What to do....  So far I have a full Friday, Saturday and Saturday night planned.  Sunday is filled with many possibilities, yet unplanned at this point (just the way I like my Sunday's) and Monday I'll be spending the day at Abbott Northwestern while a very dear friend has surgery.  I suppose I'll spend part of Sunday taking Christmas down around my house.  I've loved my Christmas tree, but its been on display since before Thanksgiving so I'm ready to pack it away.

It's going to be a mild winter weekend too so I'll get down to Colvill and get a few more photos of the eagles as they nest and fish and take Lily on a nice long hike.

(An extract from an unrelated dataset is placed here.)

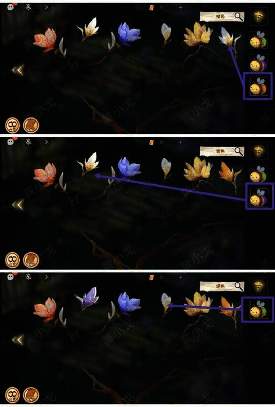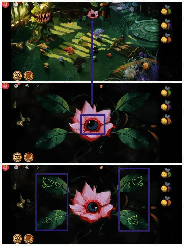 6.点击迁瞳花的眼睛,叶子上出现鸟图案(注意鸟图案的顺序:从上到下,从左到右-大小大大小小大)

So, a tribute to King (thanks for the long weekend) and a few sentences from his mountaintop speech (he was killed the day after this speech):


And then I got to Memphis. And some began to say the threats, or talk about the threats that were out. What would happen to me from some of our sick white brothers? Well, I don't know what will happen now. We've got some difficult days ahead. But it doesn't matter with me now. Because I've been to the mountaintop. And I don't mind. Like anybody, I would like to live a long life. Longevity has its place. But I'm not concerned about that now. I just want to do God's will. And He's allowed me to go up to the mountain. And I've looked over. And I've seen the promised land. I may not get there with you. But I want you to know tonight, that we, as a people, will get to the promised land. So I'm happy, tonight. I'm not worried about anything. I'm not fearing any man. Mine eyes have seen the glory of the coming of the Lord.